I checked the other three patches in the series and they don't seem to
read that structure member either. Correct me if I'm wrong.
>> (55) What happens if you run out of the preallocated memory?
> if it run out of the preallocated memory. it will overwrite other
> error source. every block's size is fixed. so it does not easy
> dynamically extend the size if it is overflow. Anyway I will add a
> error report if it happens overwrite.
I understand (and agree) that dynamic allocation is not possible here.
But that doesn't justify overwriting the error status data block that
belongs to a different data source. (Worse, if this happens with the
last error status data block, for error source 10, you could overwrite
memory that belongs to the OS.)
If an error status data block becomes full, then we should either wrap
back to the start of the same data block, or else stop forwarding errors
for that error source.
Does the ACPI spec say anything about this? I.e., about the case when
the system runs out of the memory that was reserved for recording
hardware errors?
>>>> +
>>>> + mem_err = (struct cper_sec_mem_err *) (gdata + 1);
>>>> +
>>>> + /* In order to simplify simulation, hardcode the CPER section to memory
>>>> + * section.
>>>> + */
>>>> + mem_err->validation_bits |= CPER_MEM_VALID_ERROR_TYPE;
>>>> + mem_err->error_type = 3;
>>
>> (58) Is this supposed to stand for "Multi-bit ECC" (from "N.2.5 Memory
>> Error Section" in UEFI 2.6)? Should we have a macro for that?
> Yes, it is. What do you mean a macro?
A #define for the integer value 3.
> For all the errors that happen in the guest OS, in order to simulate
> easy, I abstract all the error section to memory section, even though
> the error section is processor or other section.
Why is that a valid thing to do? (I'm not doubting it is valid, I'm just
asking.) Will that not confuse the ACPI subsystem of the guest OS?
> I do not know whether do you have some suggestion for that.
Well I would have thought (without any expertise on the subject) that
hardware errors from the host side should be mapped to the guest more or
less "type correct". IOW, it looks strange that, say, a CPU error is
reported as a memory error. But this is just an uneducated guess.
>>>> + mem_err->validation_bits |= CPER_MEM_VALID_CARD | CPER_MEM_VALID_MODULE |
>>>> + CPER_MEM_VALID_BANK | CPER_MEM_VALID_ROW |
>>>> + CPER_MEM_VALID_COLUMN | CPER_MEM_VALID_BIT_POSITION;
>>>> + mem_err->card = 1;
>>>> + mem_err->module = 2;
>>>> + mem_err->bank = 3;
>>>> + mem_err->row = 1;
>>>> + mem_err->column = 2;
>>>> + mem_err->bit_pos = 5;
>>
>> (60) I have no idea where these values come from.

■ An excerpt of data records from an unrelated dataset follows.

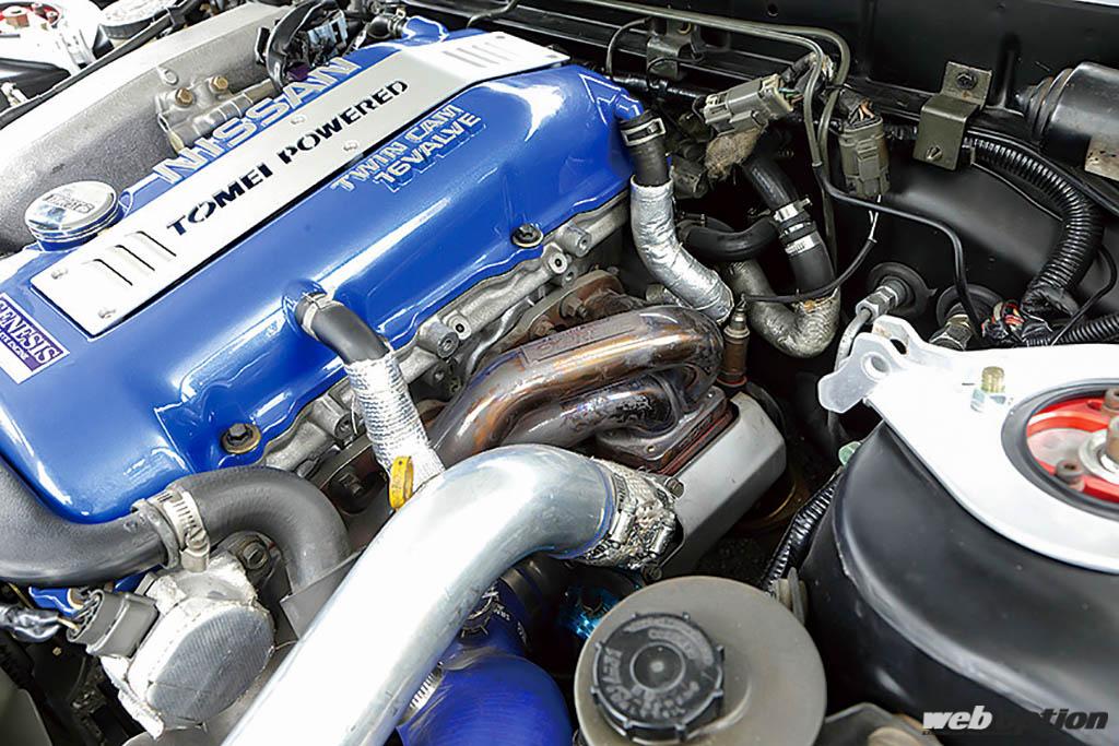 まずエンジンは、以前から所有していたというS15シルビアのSR20DETをスワップ。東名パワードのIN&EX256度ポンカムタイプR、カムギア、1.5mmメタルヘッドガスケット、ロッカーアームストッパーなどヘッドチューンを中心に一通り手の入った仕様だ。
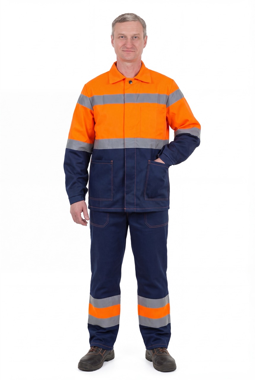 Сигнальный костюм дорожника 1–2 класса повышенной видимости — это специализированная рабочая одежда для безопасного выполнения работ вблизи транспортных потоков и в условиях недостаточной освещённости. Костюм обеспечивает визуальное обнаружение работника днём и ночью в свете фар, а также защищает от производственных загрязнений и механического износа.
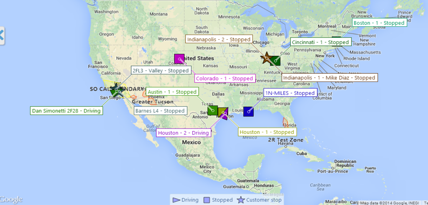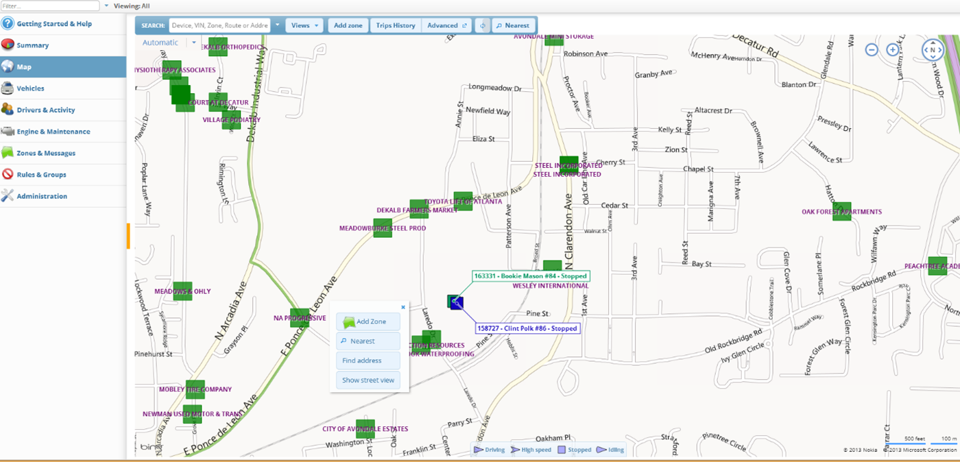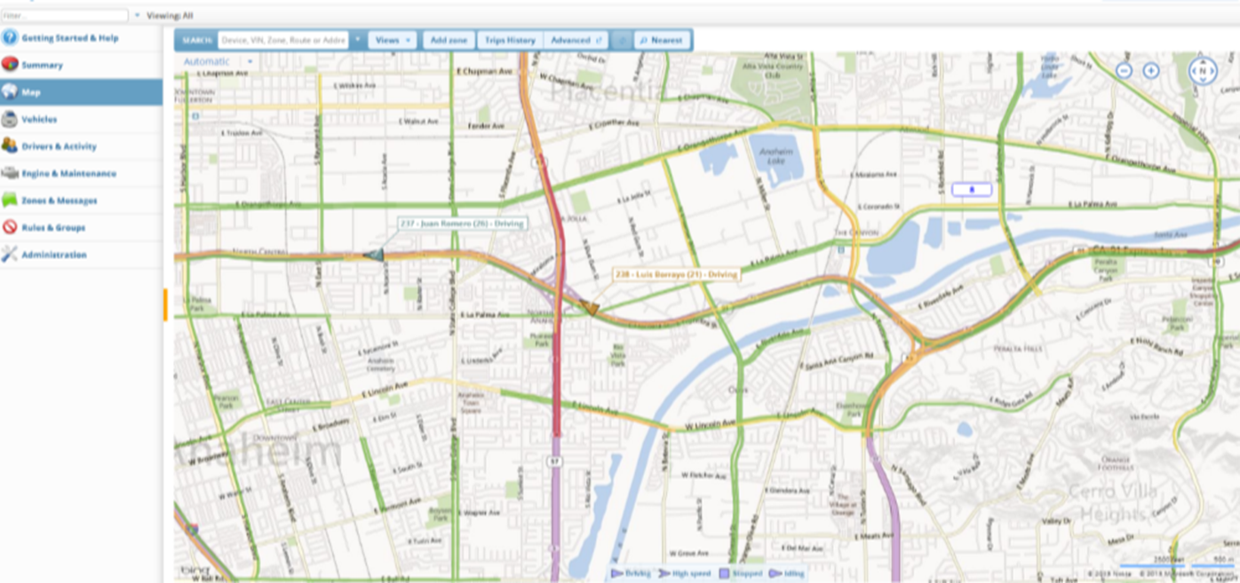 Real-time vehicle movement can be viewed on a variety of street or aerial image maps. Bing, Google or OpenStreetMaps are standard mapping options.

> For all the errors that happen in the guest OS, in order to simulate
> easy, I abstract all the error section to memory section, and hard
> code the memory section error value as above.
Sure, but why is that safe? Will the guest OS not want to do something
about these error details? If we are feeding the guest OS invalid error
details, will that not lead to confusion?
>> (64) What does "reqr" stand for?
> It stand for the request size.
Can you please call it "req_size" or something similar? The English
expression
request size
contains only one "r" letter, so it's hard to understand where the
second "r" in "reqr" comes from.
Thanks,
Laszlo